Но в памяти Говарда почему-то были еще слишком свежи глазные яблоки.
– Нет, спасибо. Значит, вы все же выбираетесь в город?
– Для ленча еще слишком рано, хотя я живу без каких-то там распорядков, если ты понимаешь, о чем я. Но до четырех никакого спиртного. Нельзя, чтобы слабости тебя измотали. Их нужно держать в узде, под контролем. «Любое излишество несет в себе зародыш собственного разрушения». Зигмунд Фрейд это сказал – в минуту трезвости. Остальное, что он говорил, сплошь винные пары. Ты по психологии что-нибудь читал?
– Боюсь, немного.
– Вот и молодец. – Дядюшка вернулся в гостиную и с глубоким вздохом рухнул в кресло, словно с рассвета трудился и только сейчас решил передохнуть. Поношенный твидовый пиджак, бывший ему, возможно, когда-то впору, теперь сидел в обтяжку: пиджак сбился под мышками, а пуговицы – так просто оказались на противоположных полушариях живота. Еще на нем были хлопчатые брюки и потертые грошовые туфли, в которых под кожаные шнурки были заткнуты монетки по пени. Над бутербродом он трудился молча.

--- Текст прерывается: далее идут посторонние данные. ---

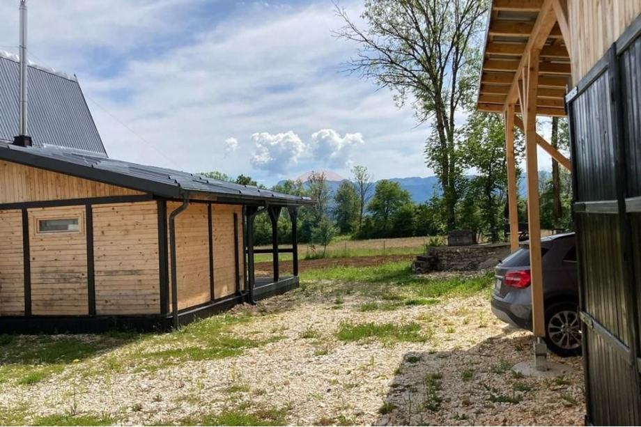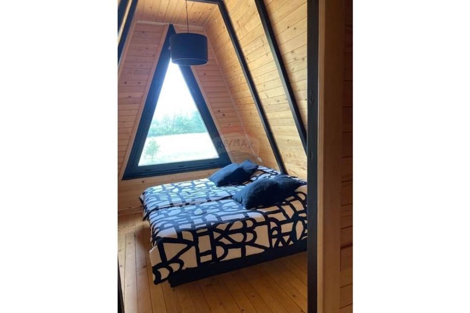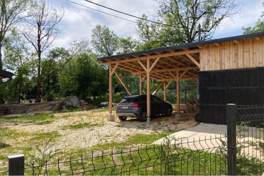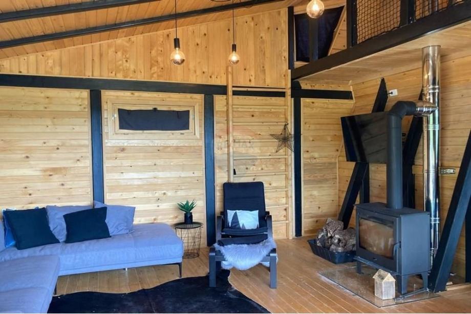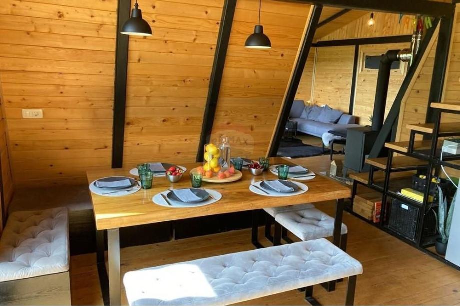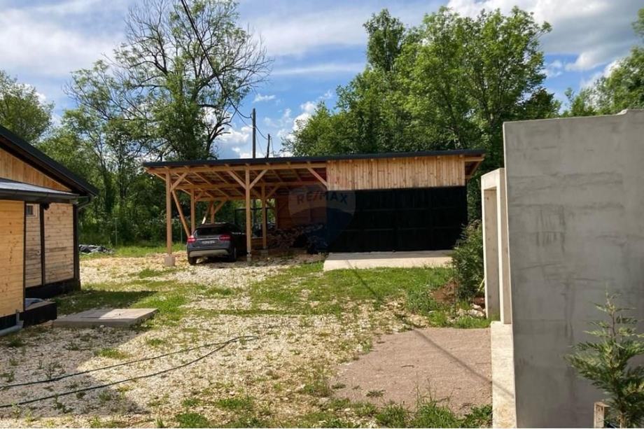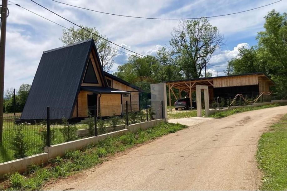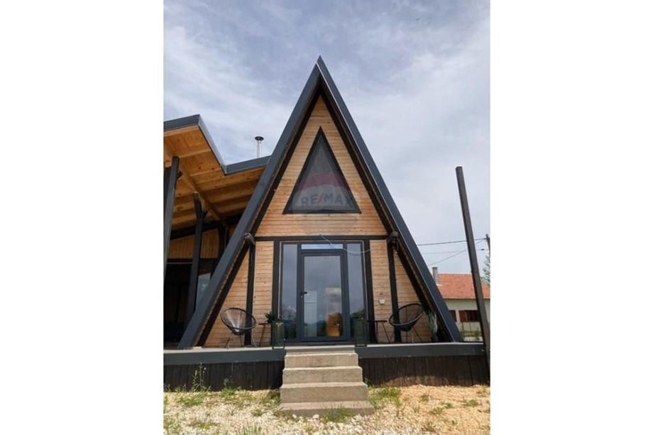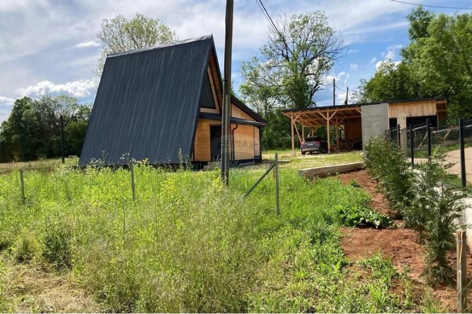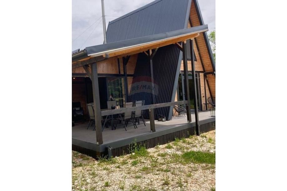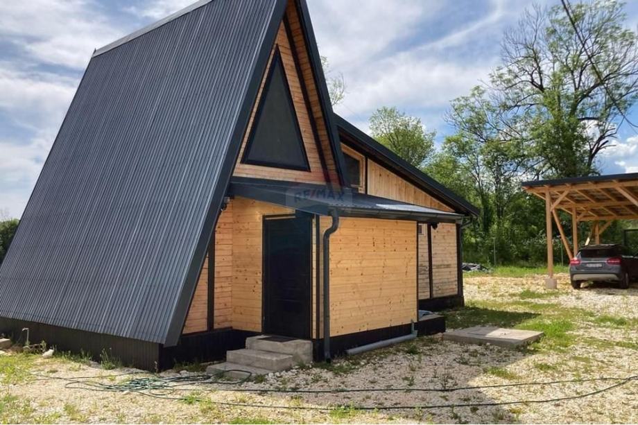 Prodaje se A frame kuća koja se nalazi na čestici veličine 17465 m2. Kuća je legalizirana i ima uporabnu dozvolu. Uz kuću je 2000 m2 čestice također građevinsko zemljište. Kuća je izrađena od hrastovih greda sa pravim temeljima te izolirana sa 20 cm kamene vune. Kuća je kompletno namještena a sastoji se od kuhinje, blagovaonice, 2 Wc-a + kupaonice, galerije sa igraonicom i dvije spavaće sobe na katu. Ispred kuće se nalazi garaža i natkriveni parking za 2 vozila. Grijanje je na drva + klima uređaj. Kuća je opremljena kamerama, internetom (wifi).

– Эй! – воскликнул, вспомнив вдруг, Говард. – Я наткнулся еще на одного вашего друга. В Альбионе. Подождите секундочку. – Он выскочил за дверь и поспешил к грузовичку. Разговор дядюшки Роя о трезвости напомнил ему про пиво, которое он охладил в прачечной самообслуживания. Достав из переносного холодильника упаковку, он закрыл дверь трейлера и вернулся в дом. – Подарок от Кола из бакалейной лавки в Альбионе. Он просил передать, чтобы вы как-нибудь к нему заглянули.
– Ах он старый конокрад, – покачиваясь от смеха, прокаркал дядюшка Рой. – Рассказывал преглупейшие шутки. – И подумав минуту, добавил: – Что получится, если скрестить обезьяну с норкой?
Говард покачал головой.
– Отличная шуба, только рукава слишком длинные. – Дядюшка Рой дважды хохотнул, с силой ударяя себя по коленям. Потом вдруг замолк, едва не подавившись бутербродом. – Пива? – предложил он, выхватывая из упаковки банку «Курс». Дернув за кольцо, он ее открыл и сделал предолгий глоток.
– Нет, спасибо, – отказался Говард. – У меня еще оладьи с кофе в горле стоят.
– Как я и говорил, обычно я до четырех не пью. Но ведь и дареному коню в зубы не смотрят. Неудачи приносит.
Говард согласился, что приносит. Дядя прикончил первую банку, согнул ее пополам, растоптал в лепешку на ковре и открыл вторую.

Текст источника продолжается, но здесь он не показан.